Now, more than ever, it’s critical for small regional dealerships to have their voices heard at both local and national levels.
However, with Government policymakers still grappling with the double whammy of the fallout from the COVID-19 pandemic and Brexit, there’s a danger their voices will get drowned out altogether.
So it’s key for them to ensure they have a place at the table, not only when it comes to lobbying their local MPs and Parliament, but also influencing the decisions of their manufacturer partners, writes Alex Wright.
But what’s the best way to ensure their voices are heard amid the clamour of demands from larger counterparts and other industries?
A good starting point is to have a clear opinion on a matter affecting your business and not being afraid to voice it and fight your case, says Richard Roberts, managing director of Trident Honda. Using trade bodies such as the National Franchised Dealers Association (NFDA) also adds weight to your argument as a collective voice, he says.
Roberts has had first-hand experience, having played an active role as chair of both the Southern Region Committee and the National Aftersales Working Group, as well as a member of the national executive.
“The best way to get your voice heard is by having a view on an issue and being prepared to put it forward in a logical and structured manner,” says Roberts. “Being engaged with the NFDA also helps, as does being involved in the local chamber of commerce and CBI (Confederation of British Industry), when writing to your MP and liaising with your local council over matters that directly affect your business.”
Dealers should also use the fact that they contribute significantly to the economy through the various taxes and charges they pay on vehicles as leverage when lobbying local government representatives, says Paul Ward, a director at Shelbourne Motors.
MPs are always much more receptive to the plight of dealers when they realise the value dealers bring to the local community as an economic driver, he adds.
“We are putting money into the coffers, so they should be interested in hearing what you have say,” says Ward. “Often they will sit up and take more notice when you bring that into the conversation.”
The NFDA holds regular meetings with smaller dealers across the UK to update members on the work it’s doing on their behalf and to hear first-hand about the problems they face.

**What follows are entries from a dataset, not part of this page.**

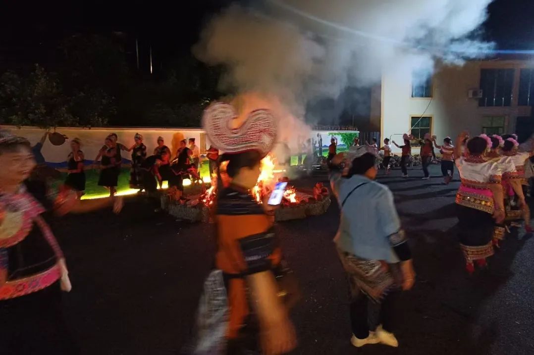 在元阳那里村,“无轮泥条盘筑”“无窑平地堆烧” 的传统技艺令人称奇。水波纹像被风吹皱的澜沧江,螺旋纹藏着傣家人对宇宙的想象,还有简化的孔雀尾羽、菩提叶,这些纹样既是装饰,更是傣族与自然共生的哲学表达。团队成员在州级传承人阮国林的带领下与当地村民共同体验火把节,感受非遗传承与民族文化交融的过程。
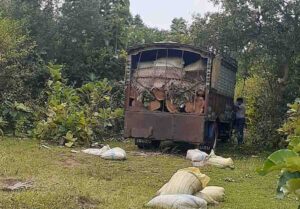 29 தேக்கு மரக்குற்றிகள் அறுக்கப்பட்டு, லொறியில் ஏற்றப்பட்டு, அதற்கு மேல் இயற்கை உரம் இடப்பட்டு, மிகவும் சூட்சுமமான முறையில் மறைத்து கொண்டுசெல்ல முற்பட்டுள்ளது.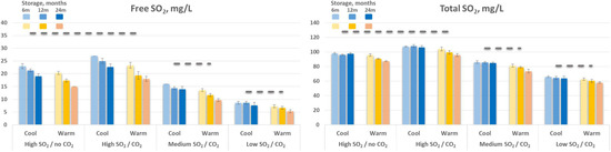 As a result, 24 bottling/storage variants were produced, which differed in the level of SO2 in the wine, CO2 treatment of the headspace, storage temperature and three types of stoppers. The initial levels of SO2 (one week after bottling) are indicated in Figure 1. The wines were analyzed at three storage points: 6, 12 and 24 months of storage. It is worth noting that the current article is a part of the long-term ongoing project, which involves the study of the storage properties of three types of wine stoppers, Diam 5, Diam 30, and Diam 30 origin. These stoppers are designed for multi-year bottle aging, five and thirty years, respectively. Thus, after the analysis of wines stored for two years, the variants, which differed only in the stopper type, demonstrated very similar results for all physicochemical analyses 2.2–2.6. Therefore, to achieve a convenient and clearer presentation of the results, the wines, which differed only in the stopper type, were grouped, and are considered as replicates in the Section 3. In this way, the bottling storage variants were reduced from 24 to 8, and were as follows:

It also directly helps those without in-house legal and marketing departments, and recently launched its Engage programme to support dealerss’ communication activities.
“We encourage and support our members in writing to their local MPs and have run a number of campaigns to tackle issues at a local level; we have also set up a Parliamentary Engagement Programme, where we invite MPs to visit the dealerships in their constituency,” says Sue Robinson, chief executive of the NFDA.
“These have proved extremely positive in helping MPs to appreciate franchised dealers’ relationship with their local community as well as their manufacturers.”
While the NFDA is effective at a UK-wide level, dealing with devolved governments in Scotland, Wales and Northern Ireland is more problematic, says Jonathan Gravell, managing director of Gravells. For example, a group of small dealers in Wales wrote collectively to the Welsh Government requesting that their businesses be able to reopen at the same time as their counterparts in England.
They were unsuccessful, having to wait three weeks before being given the green light to reopen. Dealers in Scotland had to wait a week longer.
“It’s about trying to build a better avenue for reaching these devolved governments,” says Gravell. “While they have exercised their full powers during the pandemic to control people’s movements, at the same time, they haven’t necessarily taken on board the implications for businesses.”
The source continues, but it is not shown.